Взявшись за ремень, он уточнил:
— Почему?
— Незаконченное? Мужа надо было кормить.
В его знаменитом: "О!" послышалось разочарование. Выбравшись из штанов, Пол отдышался и спросил:
— Вы — феминистка?
— Упаси Бог! — испугалась я.
— О'кей, — с облегчением произнес Пол и посмотрел на меня вопросительно.
Я принесла из кухни табурет и, подставив его к дивану, помогла Полу водрузить на него раненную ногу. Она тоже была крепкой, тяжелой и волосатой.
— Мистер Бартон, вы умеете петь? — спросила я его. — Сейчас я буду обрабатывать вам рану, а вы пойте во весь голос. Мой отец всегда заставлял меня петь, когда смазывал ссадины зеленкой. А он у меня хирург!
— Я не умею во весь голос, — забеспокоился Пол. — Я могу очень тихо. Как это? Под нос.
— Нет, под нос не пойдет. Тогда декламируйте стихи. Что-нибудь гневно-протестующее.
Он засмеялся:
— Я просто сожму зубы. Очень сильно.
И Пол действительно не издал ни звука, пока я возилась с его ногой и накладывала повязку. На тонких каштановых волосках блестели капельки пота, и мне показалось, что их становится все больше. Но Пол терпел и даже коротко улыбался, когда я поднимала глаза. Я попыталась представить, каким он был, когда и на голове у него была такая же каштановая шевелюра, — и не смогла.
Закончив, я сказала:
— Рана довольно глубокая, надо бы наложить швы. И противостолбнячную сыворотку ввести… Давайте я вызову такси и отвезу вас в больницу.
Пол неожиданно бурно запротестовал:
— Не надо! Пожалуйста! Я… боюсь в больницу.
— Как это — боитесь?! Под бензопилу бросились, а врачей боитесь?
— Больница, — произнес он с отвращением. — О! Это такая…
Пощелкав длинными пальцами, он неуверенно предположил:
— Тяжесть? Атмосфера такая…
— Тягостная атмосфера? Да, я знаю.
— Вы были — наоборот. Напротив.
— По другую сторону? Нет, я по ту самую тоже была.
— О! Вы болели?
— Не знаю. Я дважды сходила с ума. Это болезнь?
Пол недоверчиво сдвинул широкие брови:
— Совсем девочка… Отчего?
— От того, что раки гнались за мной по небу… От того, что начиталась романов… От того, что мой талант оказался совсем маленьким… И не было друзей. И было страшно. Разве можно объяснить, отчего сходят с ума?!
На самом деле я точно знала, как это произошло.

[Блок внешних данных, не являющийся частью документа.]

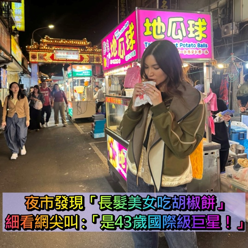 眼前的人好眼熟!夜市發現「長髮美女吃胡椒餅」 細看網尖叫 「是43歲國際級巨星」

Все, что я перечислила Полу, тоже присутствовало, но главное заключалось в другом. Вся моя тогдашняя жизнь умещалась на листах бумаги. Я рисовала днем и ночью, но вдохновение мое не было радостным. Вернее, самый миг озарения — конечно. Тот непростительно короткий промежуток, пока из руки льется восторг, что посылался в мою голову и преобразовывался в сердце. Моими работами восхищались не только преподаватели, но даже товарищи по художественной школе, которые относились друг к другу одновременно ревниво и снисходительно. Мне говорили, что в моих рисунках — магия, что их невозможно подвергнуть обычному разбору. Все было прекрасно…

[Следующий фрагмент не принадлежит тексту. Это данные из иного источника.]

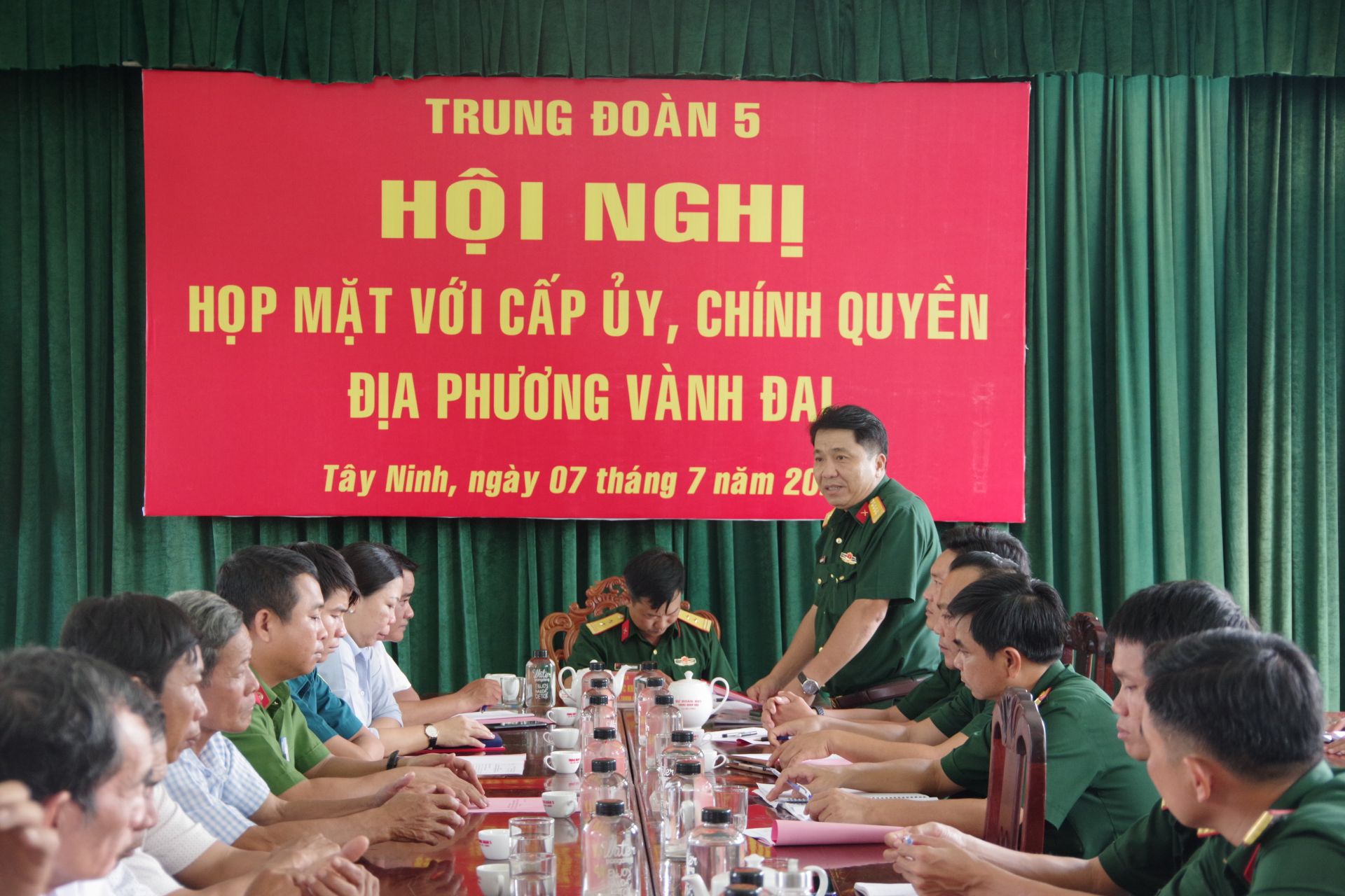 Chiều 7.7, Trung đoàn 5 (Sư đoàn 5) tổ chức hội nghị họp mặt với cấp ủy, chính quyền địa phương gồm các ấp: Suối Muồn, Tam Hạp, Suối Dộp (xã Thái Bình, huyện Châu Thành) và các đơn vị kết nghĩa trên địa bàn vành đai đơn vị đứng chân.

И вот однажды я поймала себя на том, что боюсь показывать свои новые работы. Боюсь, что они окажутся хуже предыдущих. Что я разочарую людей, которые поверили в меня. Что они решат, будто я выдохлась, еще не написав ничего по-настоящему достойного. На меня вдруг свалилась ответственность, которая не по плечу даже иному взрослому человеку, а ведь я была совсем ребенком.
Этот страх заставлял меня вновь и вновь пересматривать старые вещи, но как я ни пыталась, так и не могла понять, что именно в них так действовало на зрителей. Они сами говорили, что это необъяснимо, и, вспомнив эти слова, я пришла в отчаяние: как же я могу развить в себе то, чего не способна даже обнаружить?! Я словно участвовала в немыслимой гонке с собой же и понимала, что в любом случае проиграю.